Sadly, the war on cancer is far from over. The second leading cause of death in the U.S., cancer killed over 500,000 Americans in 2008, researchers estimate. According to the NIH, the U.S. spends about $90 billion on direct costs for cancer care, or approximately 5% of total health care spending, but the indirect costs of the disease are much higher.

Researchers at the National Cancer Institute recently estimated that cancer's total economic cost in the year 2000 alone, including lost productivity and the value of leisure time, was $960 billion.

The FDA has several programs in place to help speed up review of, and access to, promising cancer drugs. But companies still spend more time testing oncology drugs in clinical trials than other types of medicines in order to pass muster with the FDA.

Companies also report that cancer trials are getting more complicated and time-consuming than ever before. As a result, many cancer patients alive when a promising drug is discovered will likely die long before it reaches the market.

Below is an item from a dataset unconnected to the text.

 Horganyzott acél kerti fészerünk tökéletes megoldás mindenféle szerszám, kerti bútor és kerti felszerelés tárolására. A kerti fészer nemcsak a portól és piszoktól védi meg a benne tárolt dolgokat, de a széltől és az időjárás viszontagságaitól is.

With the help of Congress, the FDA should take concrete steps to shorten clinical development times for cancer treatments and speed up drug development. These would include:

First, where few effective treatments exist—such as lung or pancreatic cancer—the FDA should approve more drugs based on clinical parameters (like tumor response or slowing the spread of the disease) or biomarkers (like cholesterol for heart disease) that act as probable surrogates for improved survival. Patient registries can then be used to follow patients and track how well the drugs work in the real world.

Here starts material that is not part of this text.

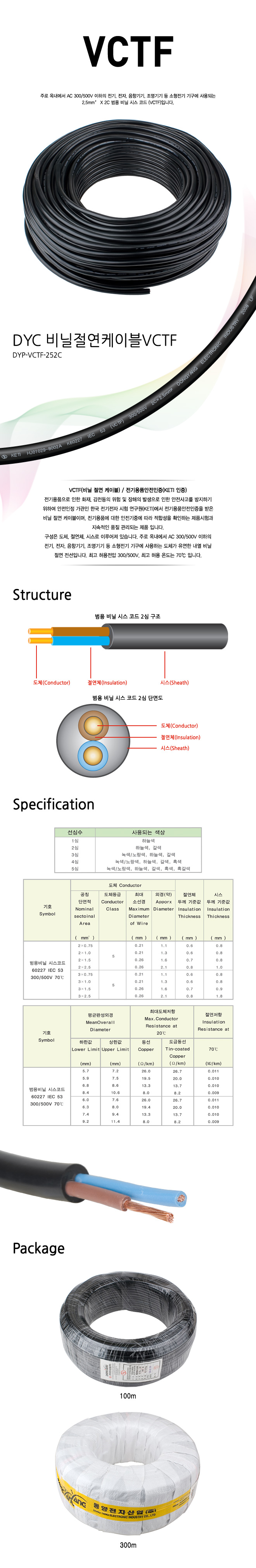 [116985]DYC(µ¿¾ç) 2.5mm©÷ X 2C ¹ü¿ë ºñ´Ò ½Ã½º ÄÚµå ÄÉÀ̺í (VCTF) ±¹»ê[MADE IN KOREA] 100¹ÌÅÍ(100m) [DYP-VCTF-252C]

Second, the FDA should set clear standards allowing companies to test cancer drugs in "adaptive" clinical trials that are potentially faster and cheaper, and require fewer patients than traditional designs.

Normal clinical trials randomly assign patients to either treatment or placebo, and success is measured based on overall response. Adaptive clinical trials allow researchers to "learn as they go" and alter the trial to account for varying responses among subgroups of patients.

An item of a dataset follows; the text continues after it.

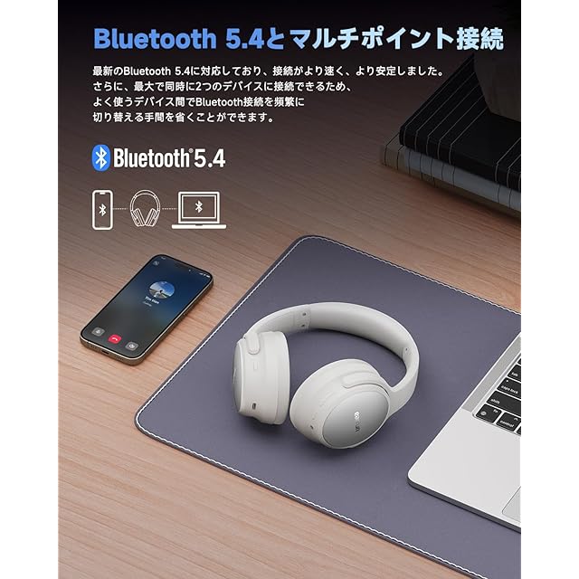 【Bluetooth 5.4&マルチポイント接続】 最新のBluetooth 5.4に対応し、接続性と安定性がさらに向上しました。最大2台のデバイスに同時接続できるため、頻繁にデバイス間を切り替える手間なくご利用いただけます。

Adaptive trials can potentially identify which patients are most likely to respond to treatment, allowing the trial to show results sooner. The FDA has suggested that it's open to such trials, but until clear standards are in place, companies will shy away from using them.

Third, Congress needs to increase the FDA's funding so it can keep pace with the latest scientific developments likely to streamline the cost and time required to bring innovative new therapies to market.

In particular, Congress must devote significant funding to the Reagan-Udall Foundation and the Critical Path initiative at the FDA, both of which aim to modernize the science of drug development.

The fight against cancer should be based on the FDA's response to the HIV epidemic, when regulators, under intense pressure from patients' groups, rapidly worked to approve new surrogate markers for evaluating drugs, scaled back their lengthy approval processes and worked closely with academic researchers and pharmaceutical companies to develop new approaches.

Before HIV changed the landscape at the FDA, infection was a death sentence, just as many cancers are today. HIV drugs now offer patients decades of relatively healthy life after diagnosis.

If we speed up access to innovative cancer treatments in the same way, we might achieve a similar outcome. Cancer patients and their families deserve nothing less from their government.

Philipson is the Daniel Levin Professor of Public Policy at the University of Chicago and chairman of Project FDA of the Manhattan Institute.